The most important thing is always communication. Keep talking, keep talking and then keep on talking. Keep sharing until there is no more pressure and you're feeling like you're not holding anything back. Obviously this isn't going to work with a low quality girl or during a one-night stand. This is advice for people who genuinely like each other and are in a committed relationship. To high-quality people. You want to find a girl who is willing to go on that journey with you.

Erectile Dysfunction

Comments

I agree with the advice to avoid the blue pills generally, and focus on self esteem, anxiety etc but there is one particular use case I do think they're useful for re psychological ED - cialis daily (tadalafil). Rather than take a pill before expecting (hoping for ?) sexual activity, and the hit and miss efficacy, esp with Viagra, due to stomach contents, alcohol levels, etc....you take a low dose daily, more like a prophylactic approach. This removes a lot of the inconsistency of efficacy and also allows for more flexibility and spontaneity...and these factors are a big part of the feedback loop that makes performance anxiety so difficult to overcome. Just knowing that you're always ready and know what you can expect really helps break that loop feel more confident and that leads to the successful outcomes needed to lower anxiety and regain some self esteem.
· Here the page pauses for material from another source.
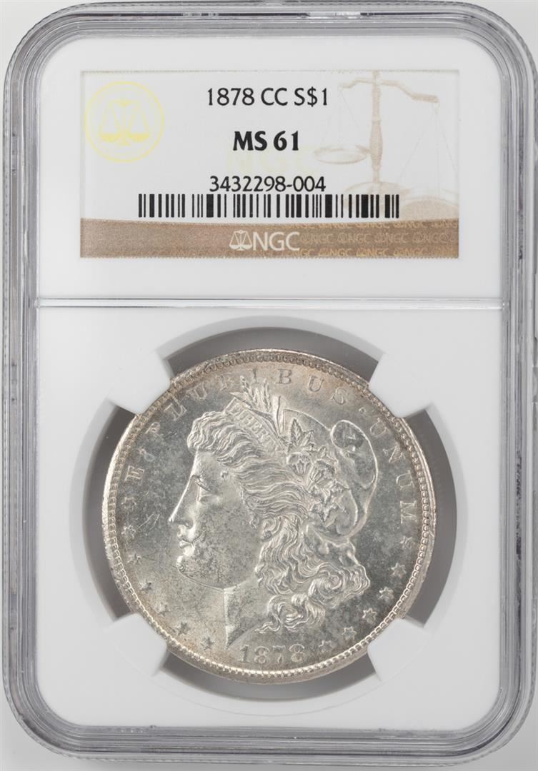 One 1878-CC $1 Morgan Silver Dollar Coin NGC MS61. NGC Certified.

My advice would be for them to sleep together. Being in one bed with the girl - he will get more comfortable with the fact that they are in bed together, that they are touchig and the like. Having pillow talks can very easily transform into sex, because there is not the pressure "now we are about to have sex". Also, how about having sex first thing in the morning.
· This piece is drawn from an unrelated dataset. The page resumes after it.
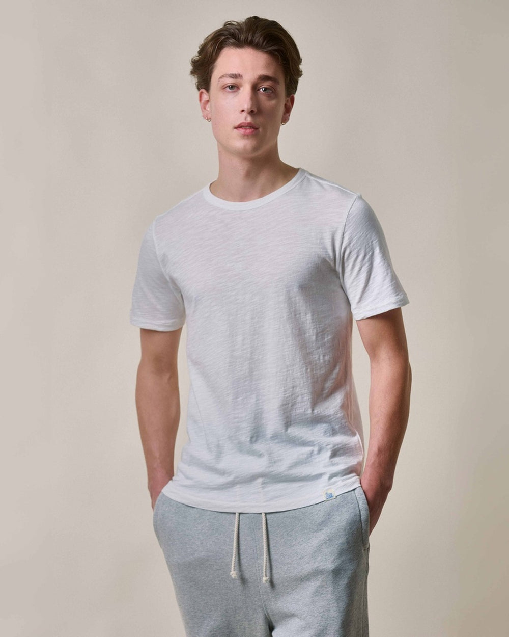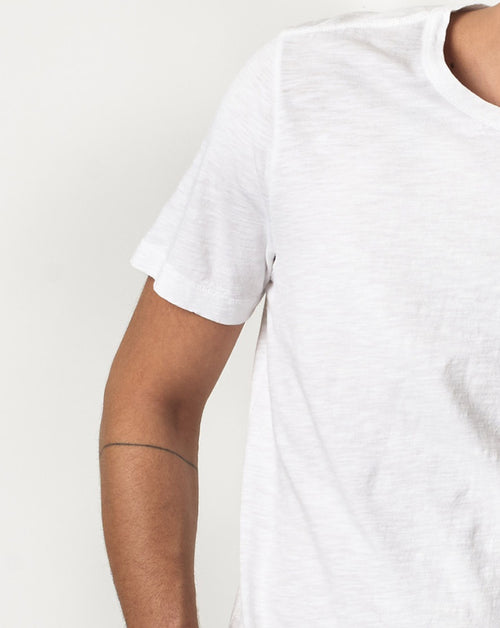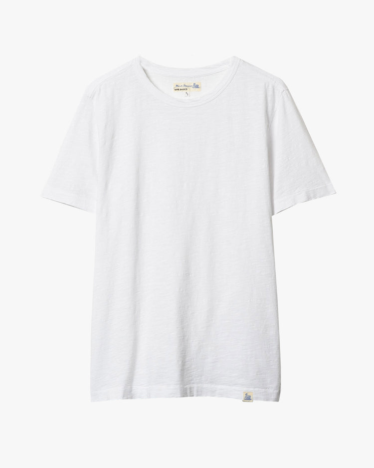 Relaxed fit t-shirt, cut from a pima cotton, light slub jersey. Featuring a classic crew neckline, triangle inserts under the arm, swan loop label and a seamless body. Constructed on original circular loop wheeler.

My advice would be focus on getting her off. Your advice of getting her to give you a blowjob, handjobs is solid advice but still puts the "pressure" on him staying hard etc. If you can get her to cum at least once, preferably more than once, everything after that is entirely surplus... theres no need for him to "perform", just have a good time. Mutual mastabation might not be a bad idea either. Plenty of options before drugs!

Somewhat of the same situation happened to me [M18 year old at the time]; I started seeing a F22 and each time we had sex I couldn't achieve an erection. I was still having a FWB [F18] relation and had absolutely no trouble "getting it up" with her. The difference of experience and age with my new partner was very intimidating. We had sex more than 10 times without me being able to stay hard and cum (the girl can start feeling as if there's something wrong with her, but that's another story). The problem at first was the fact that I was intimidated by her but then it was the anxiety of not being able to perform. "I won't be able to stay hard.. the last 5 times it didn't work". I tried medication once (told her) and together with self-reflection, it helped me get past the performance anxiety. In short, from my experience medication such as viagra can help even if the problem is psychological and I agree communication is KEY!!